In the records below, repeat word for word only the lines starting at the one that contains "Villa Shore is" and ending at the one that contains "Duit 1584, met", pictures excluded.
/---
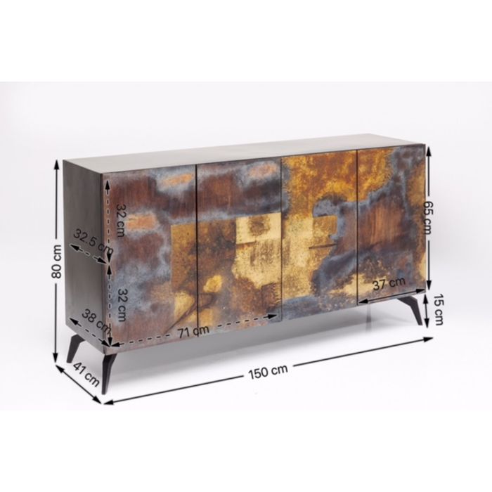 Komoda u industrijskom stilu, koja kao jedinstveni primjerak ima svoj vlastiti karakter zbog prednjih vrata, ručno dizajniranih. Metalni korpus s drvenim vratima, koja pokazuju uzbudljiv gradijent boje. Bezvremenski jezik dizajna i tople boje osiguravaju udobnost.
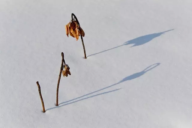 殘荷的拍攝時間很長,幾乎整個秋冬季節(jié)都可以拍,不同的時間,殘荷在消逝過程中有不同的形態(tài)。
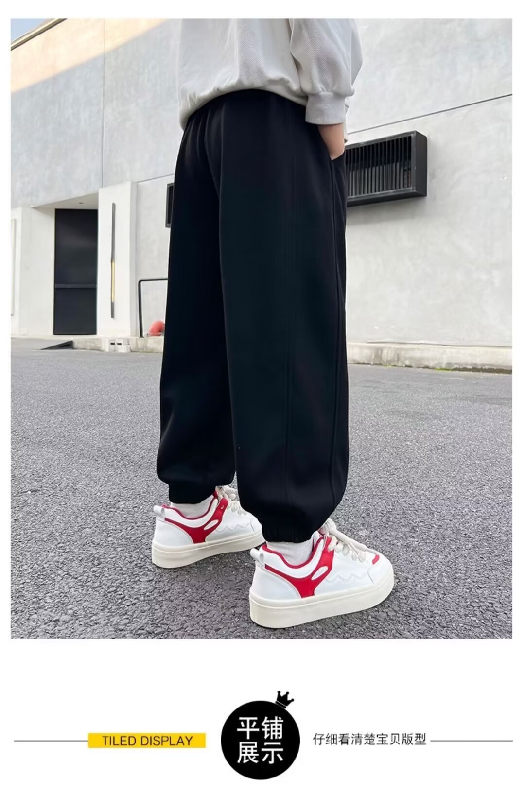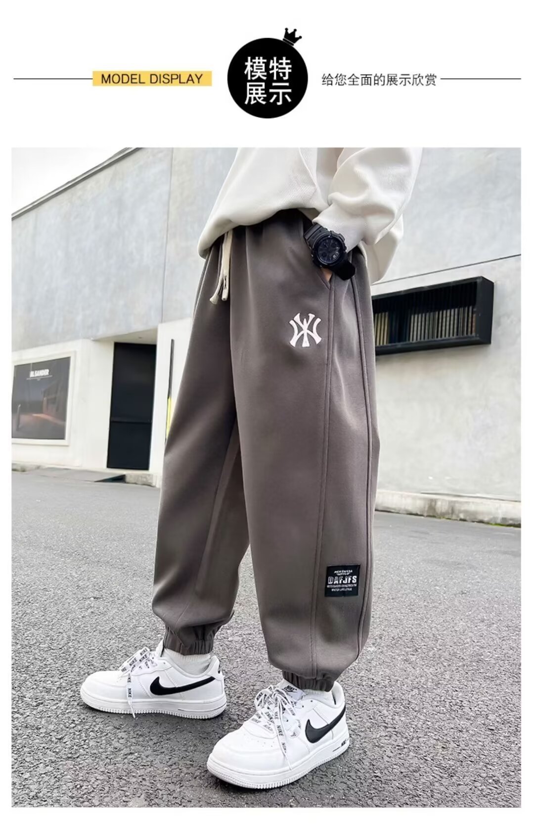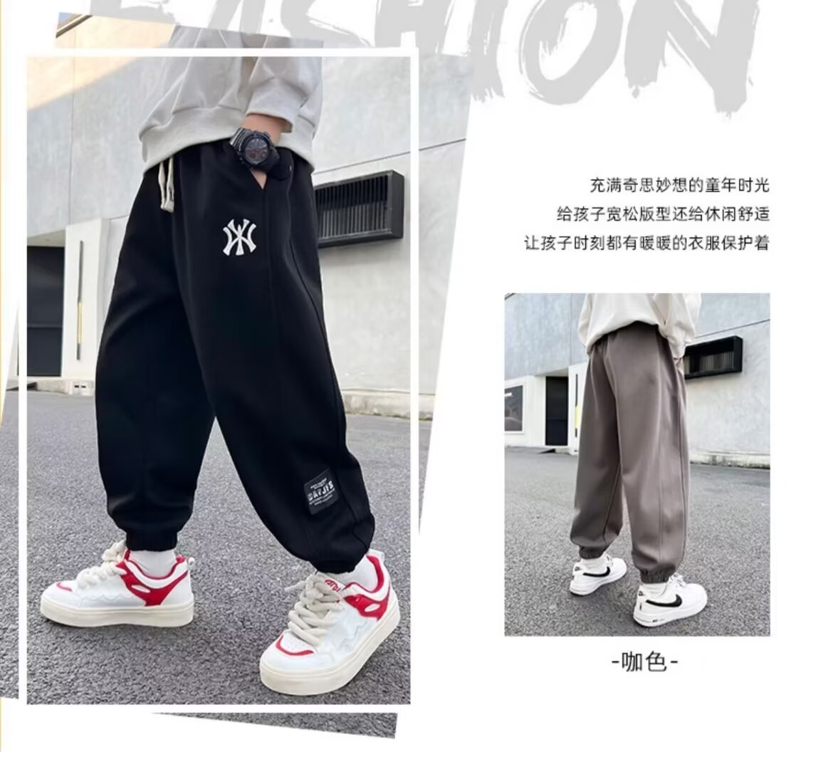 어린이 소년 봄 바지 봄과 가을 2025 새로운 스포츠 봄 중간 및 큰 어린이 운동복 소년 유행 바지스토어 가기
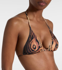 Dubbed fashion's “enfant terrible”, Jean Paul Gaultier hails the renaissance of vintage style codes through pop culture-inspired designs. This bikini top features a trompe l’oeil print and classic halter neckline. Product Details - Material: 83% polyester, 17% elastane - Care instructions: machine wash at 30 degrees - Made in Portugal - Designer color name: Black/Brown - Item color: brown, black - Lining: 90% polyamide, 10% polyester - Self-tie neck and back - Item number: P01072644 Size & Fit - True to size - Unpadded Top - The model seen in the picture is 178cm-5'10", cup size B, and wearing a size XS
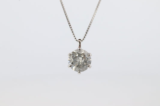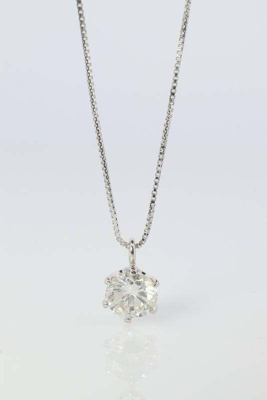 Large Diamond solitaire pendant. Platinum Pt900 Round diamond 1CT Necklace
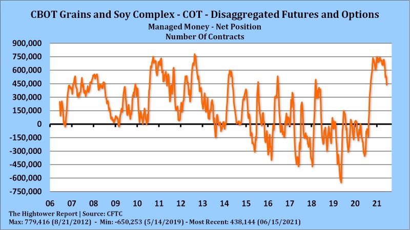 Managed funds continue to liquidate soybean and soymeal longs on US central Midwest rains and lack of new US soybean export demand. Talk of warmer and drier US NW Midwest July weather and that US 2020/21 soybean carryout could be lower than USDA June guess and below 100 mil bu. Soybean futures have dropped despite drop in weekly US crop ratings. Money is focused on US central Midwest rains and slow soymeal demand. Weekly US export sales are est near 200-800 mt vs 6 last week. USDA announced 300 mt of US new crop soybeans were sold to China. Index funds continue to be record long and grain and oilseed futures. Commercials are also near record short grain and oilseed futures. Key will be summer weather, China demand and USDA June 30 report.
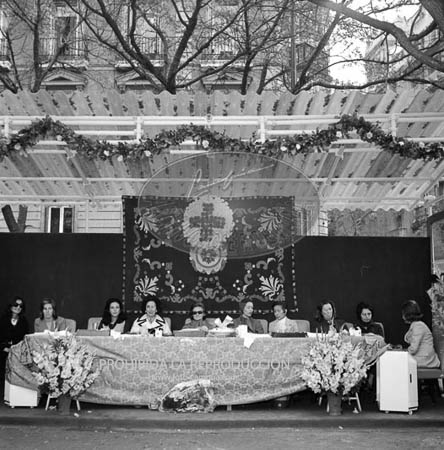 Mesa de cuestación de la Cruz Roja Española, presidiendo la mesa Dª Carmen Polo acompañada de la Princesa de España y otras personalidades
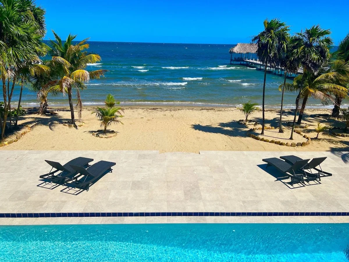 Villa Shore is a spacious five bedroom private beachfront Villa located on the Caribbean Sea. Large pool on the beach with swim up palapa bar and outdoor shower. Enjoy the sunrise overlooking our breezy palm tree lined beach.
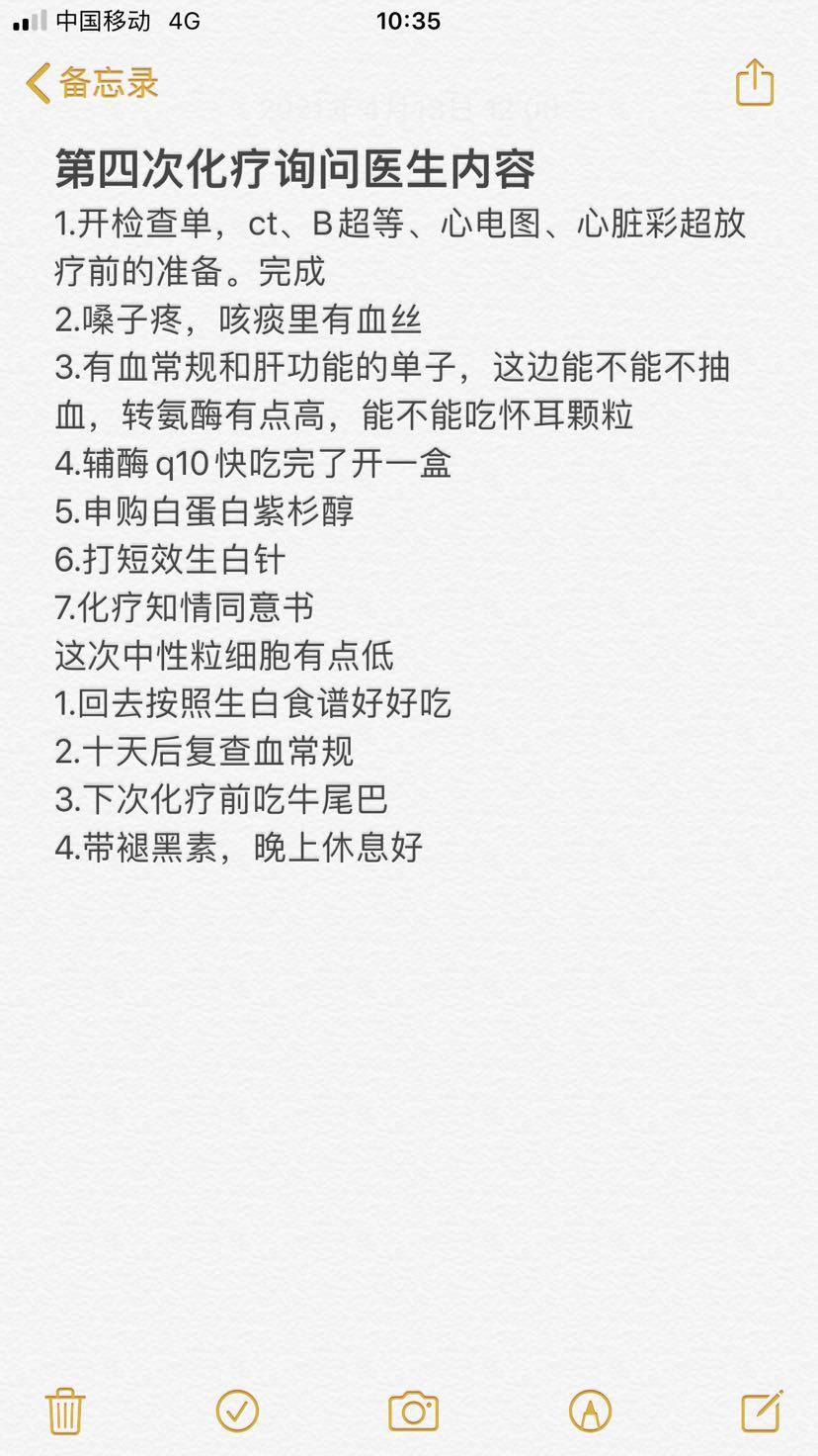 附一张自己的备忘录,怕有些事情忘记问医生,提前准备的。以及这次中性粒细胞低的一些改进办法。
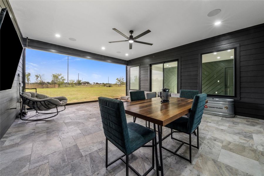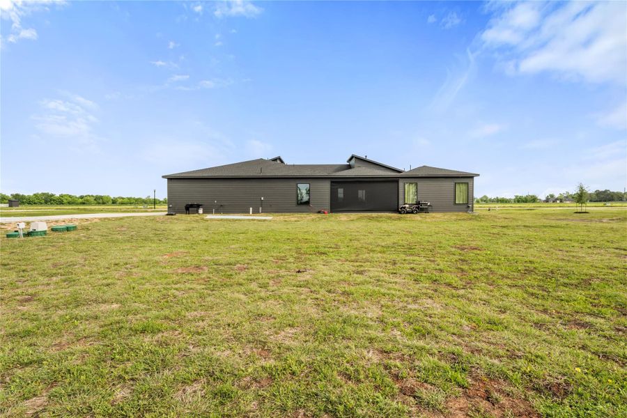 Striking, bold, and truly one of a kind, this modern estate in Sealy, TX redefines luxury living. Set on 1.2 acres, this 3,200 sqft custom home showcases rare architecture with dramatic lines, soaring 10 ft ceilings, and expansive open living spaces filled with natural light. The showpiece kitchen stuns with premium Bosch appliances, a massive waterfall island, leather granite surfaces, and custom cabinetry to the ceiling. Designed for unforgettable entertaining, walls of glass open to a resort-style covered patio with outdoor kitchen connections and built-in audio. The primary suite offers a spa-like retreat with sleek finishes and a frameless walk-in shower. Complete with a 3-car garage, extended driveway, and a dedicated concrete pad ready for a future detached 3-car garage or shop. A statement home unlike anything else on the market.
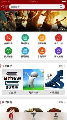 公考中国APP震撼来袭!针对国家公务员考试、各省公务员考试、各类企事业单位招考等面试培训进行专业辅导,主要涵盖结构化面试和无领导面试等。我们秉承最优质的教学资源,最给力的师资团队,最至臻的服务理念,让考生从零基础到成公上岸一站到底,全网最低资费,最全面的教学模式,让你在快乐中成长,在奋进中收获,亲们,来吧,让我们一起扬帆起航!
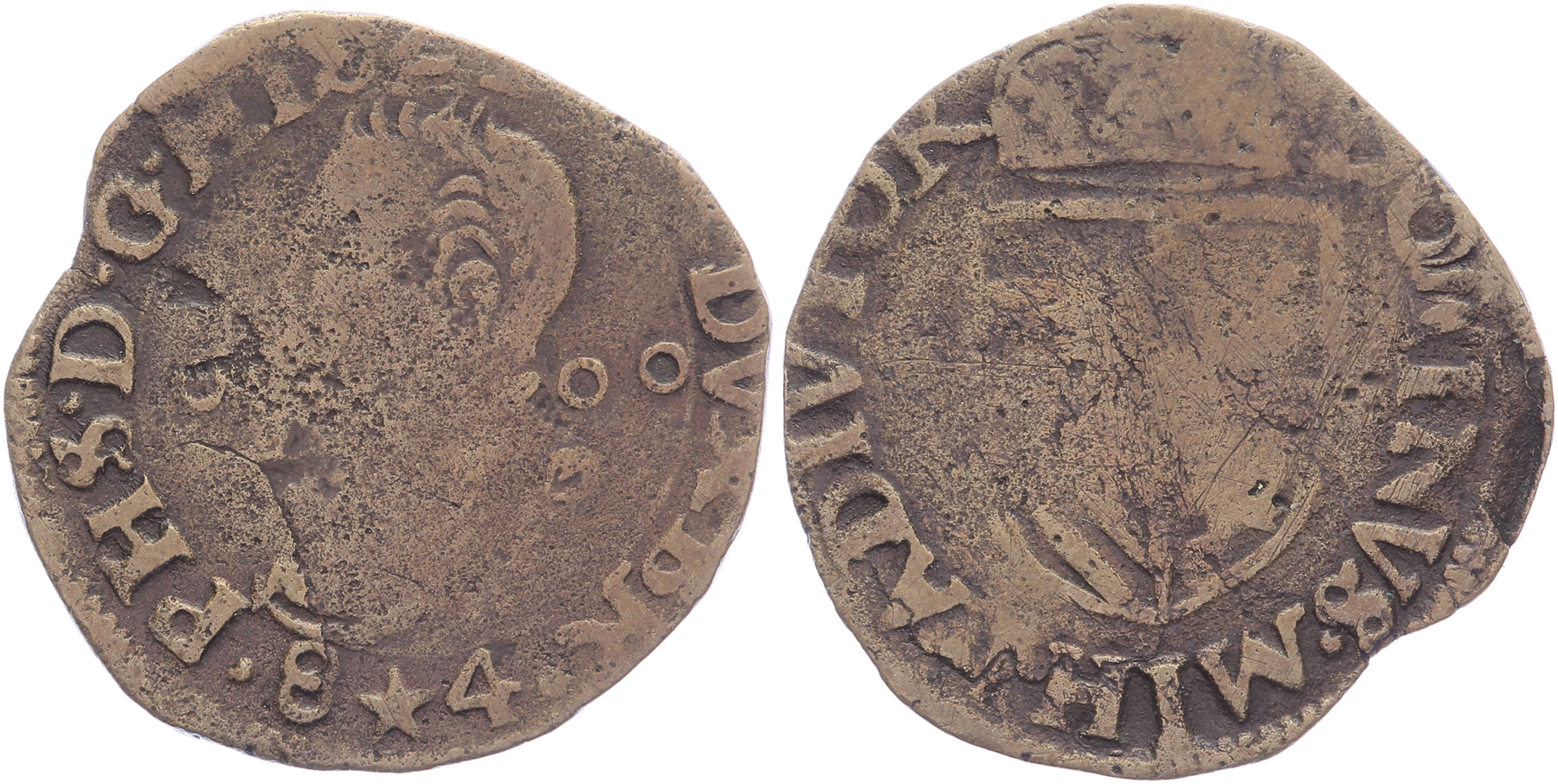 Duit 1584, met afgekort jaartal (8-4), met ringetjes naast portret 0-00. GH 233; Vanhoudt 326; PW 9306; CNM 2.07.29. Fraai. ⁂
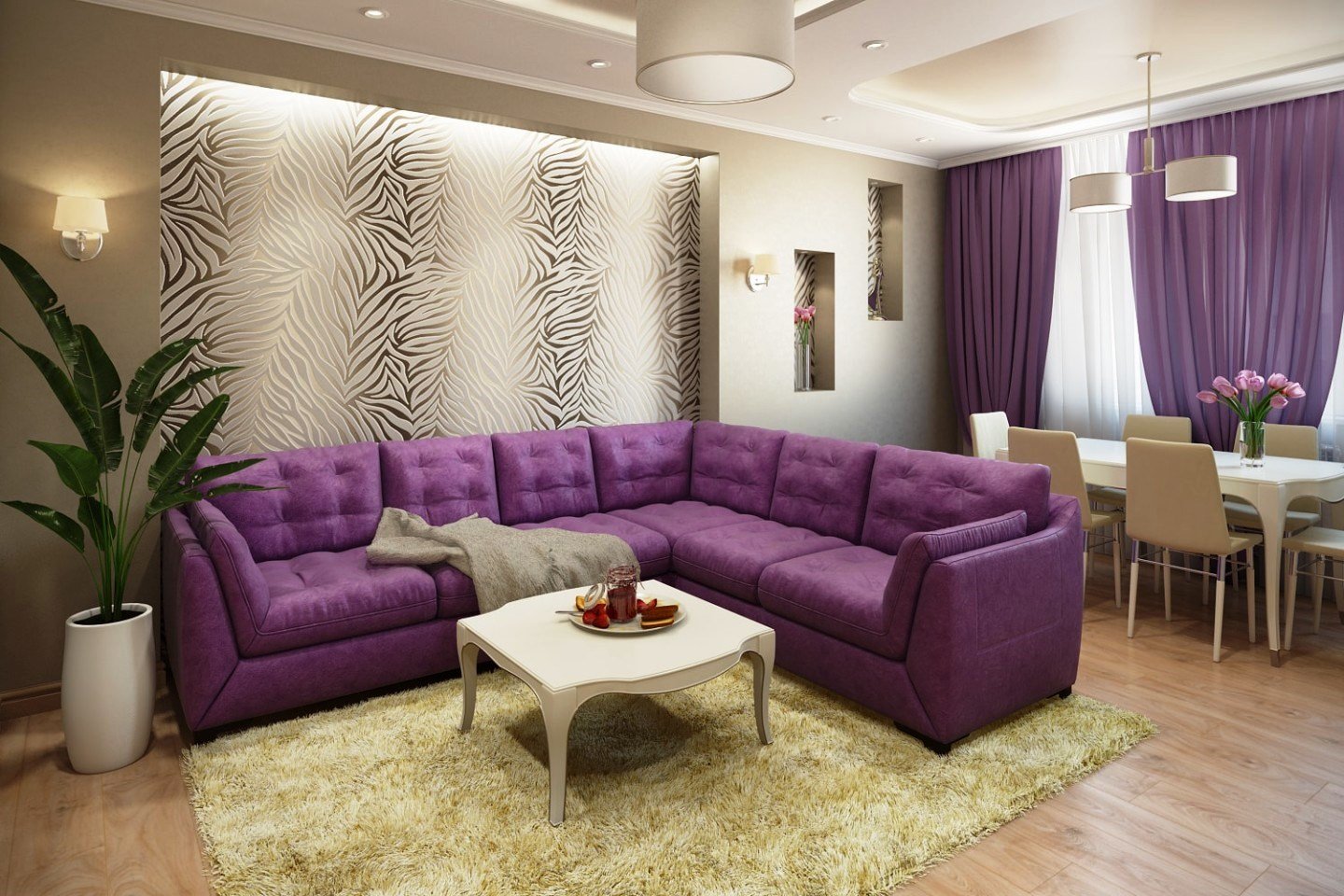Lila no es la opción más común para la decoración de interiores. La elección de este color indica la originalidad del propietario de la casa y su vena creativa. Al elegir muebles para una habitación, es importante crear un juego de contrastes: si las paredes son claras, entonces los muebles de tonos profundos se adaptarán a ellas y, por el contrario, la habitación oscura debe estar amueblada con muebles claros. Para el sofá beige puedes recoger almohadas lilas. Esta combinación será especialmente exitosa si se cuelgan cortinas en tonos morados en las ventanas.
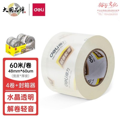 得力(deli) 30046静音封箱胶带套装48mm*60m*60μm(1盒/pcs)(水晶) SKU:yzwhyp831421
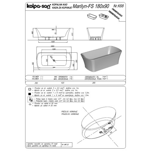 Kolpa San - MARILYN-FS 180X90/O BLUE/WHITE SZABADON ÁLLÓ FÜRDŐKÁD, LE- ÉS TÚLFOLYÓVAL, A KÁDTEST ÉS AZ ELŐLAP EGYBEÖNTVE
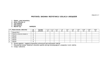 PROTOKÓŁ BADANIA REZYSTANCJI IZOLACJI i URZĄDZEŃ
\---
§ Answer space
 Villa Shore is a spacious five bedroom private beachfront Villa located on the Caribbean Sea. Large pool on the beach with swim up palapa bar and outdoor shower. Enjoy the sunrise overlooking our breezy palm tree lined beach.
 附一张自己的备忘录,怕有些事情忘记问医生,提前准备的。以及这次中性粒细胞低的一些改进办法。
 Striking, bold, and truly one of a kind, this modern estate in Sealy, TX redefines luxury living. Set on 1.2 acres, this 3,200 sqft custom home showcases rare architecture with dramatic lines, soaring 10 ft ceilings, and expansive open living spaces filled with natural light. The showpiece kitchen stuns with premium Bosch appliances, a massive waterfall island, leather granite surfaces, and custom cabinetry to the ceiling. Designed for unforgettable entertaining, walls of glass open to a resort-style covered patio with outdoor kitchen connections and built-in audio. The primary suite offers a spa-like retreat with sleek finishes and a frameless walk-in shower. Complete with a 3-car garage, extended driveway, and a dedicated concrete pad ready for a future detached 3-car garage or shop. A statement home unlike anything else on the market.
 公考中国APP震撼来袭!针对国家公务员考试、各省公务员考试、各类企事业单位招考等面试培训进行专业辅导,主要涵盖结构化面试和无领导面试等。我们秉承最优质的教学资源,最给力的师资团队,最至臻的服务理念,让考生从零基础到成公上岸一站到底,全网最低资费,最全面的教学模式,让你在快乐中成长,在奋进中收获,亲们,来吧,让我们一起扬帆起航!
 Duit 1584, met afgekort jaartal (8-4), met ringetjes naast portret 0-00. GH 233; Vanhoudt 326; PW 9306; CNM 2.07.29. Fraai. ⁂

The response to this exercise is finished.